Requirements and certifications

It’s possible to get into some entry-level positions without experience if you have relevant coursework or an undergraduate degree in computer science or math. However, to advance further, you’ll want to get certified through organizations like the Data Science Council of America (DASCA).

Responsibilities

Regardless of what type of data science you choose to specialize in, your duties will typically include collecting and cleaning datasets; determining which questions you should ask; and writing code, analyzing results, and creating reports that present findings.

Average salary

According to Indeed, the average salary of data scientists in the United States is $102,312 per year.
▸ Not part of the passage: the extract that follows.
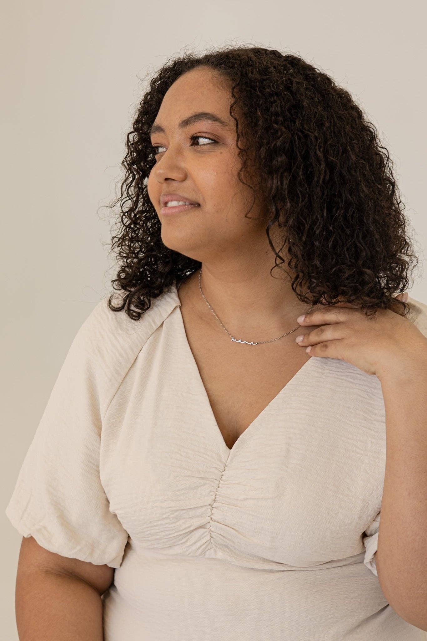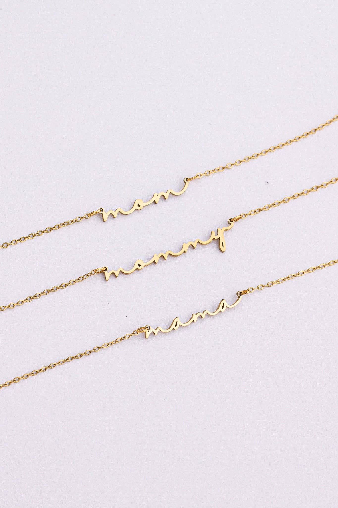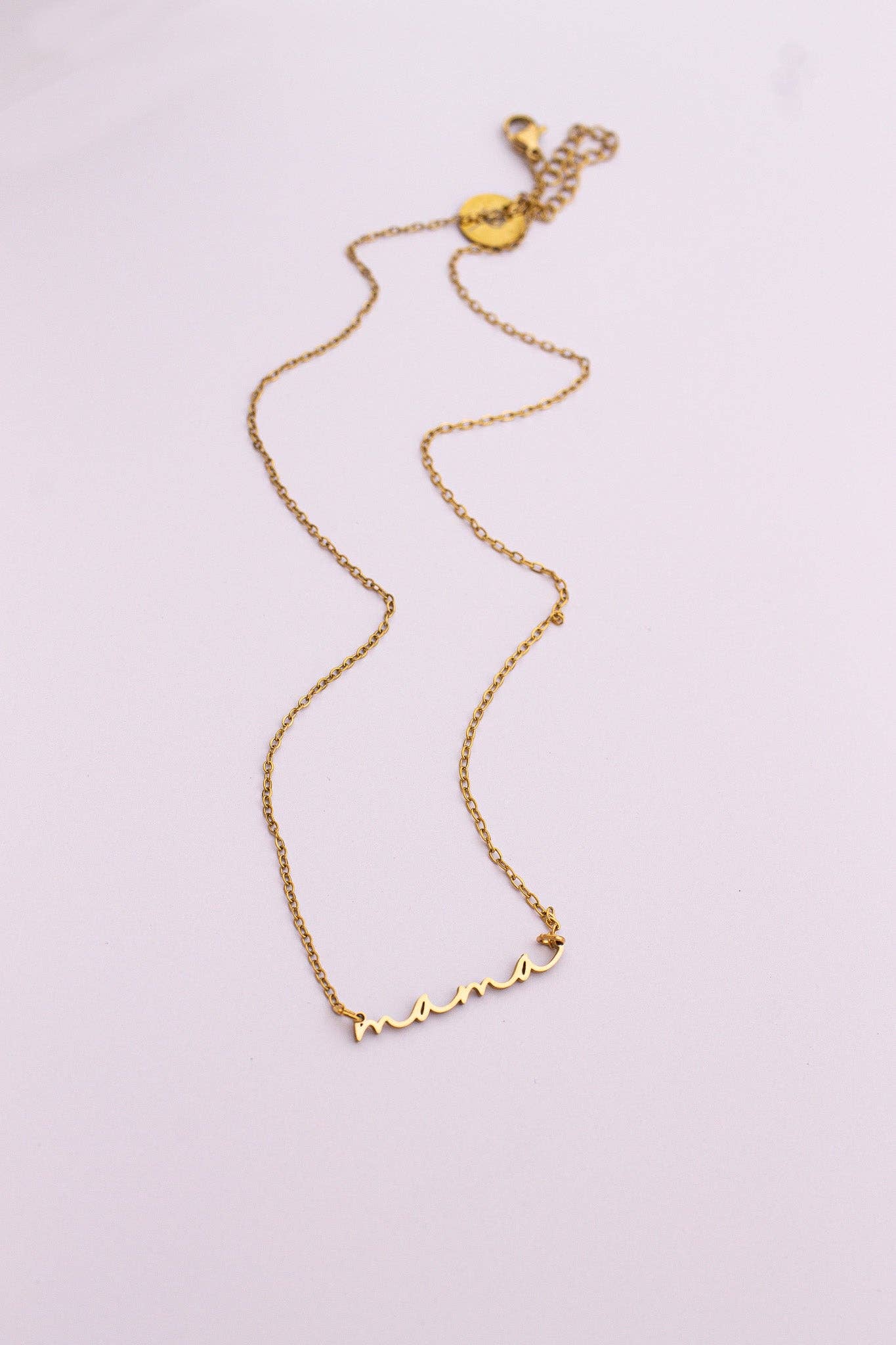 Meet the Mama Necklace! A perfect little dainty piece featuring "mama" written out in cursive script font. Tarnish Free & Waterproof - Shower, Sweat and Pool Safe. Hypoallergenic and Sensitive Skin Safe. 18k Gold Plated Stainless Steel. Adjustable from 16-18.5 inches in length.

Also read: Best Data Analytics Certifications 2022

Data architect

A data architect, also known as a chief data officer (CDO), takes a high-level view of your organization’s data and how to use it effectively. The role includes collecting, classifying, storing, organizing, managing, and making accessible an organization’s data.

Additionally, a data architect focuses on improving business processes through tech solutions such as digital platforms like cloud computing.

Requirements and certifications

To become a data architect, you will need at least a bachelor’s degree in computer science or another relevant field. Also, a certified data management professional certification is seen as a plus.

Moreover, most employers prefer candidates with experience working with large amounts of data and knowledge of multiple programming languages, including Java, C++, and Python.

Responsibilities

Some duties include determining when to implement new technologies and systems, analyzing how current systems can be improved, and implementing new ways for employees to collect data. They may also create policies for handling sensitive information or developing new security measures for protecting private data from hackers or other cybercriminals.

Average salary

According to Payscale, the average salary of a data architect is $123,347 per year.

BI developer

A business intelligence (BI) developer is an expert software engineer who works with big data platforms to analyze raw data from an organization’s internal or external sources.

A BI developer uses tools like SAS, Oracle, SQL Server, and R to help companies develop strategies based on their data analysis. They also create reports that a company’s executives can use to make informed decisions about running their business.

Most organizations today use a combination of cloud-based and on-premises business intelligence solutions, which means that there will be plenty of opportunities for qualified BI developers over the next decade.

Requirements and certifications

A bachelor’s degree in computer science or a related field is the minimum requirement; having a master’s degree can increase your chances of landing a job and increasing your salary.

Additional certifications such as Certified Information Systems Auditor (CISA), Certified Information Security Manager (CISM), and Project Management Professional Certification (PMP) will give you even more advantages when applying for jobs as a business intelligence developer.

Responsibilities

The primary duty of a BI developer is to collect data from various systems within an organization and then transform it into meaningful information that can be analyzed. The results of these analyses are then presented back to decision-makers, so they can use them to make better decisions regarding operational processes, organizational strategy, financial planning, and sales forecasting.

Average salary

According to Salary.com, the average BI developer salary in the United States is $91,728 per year.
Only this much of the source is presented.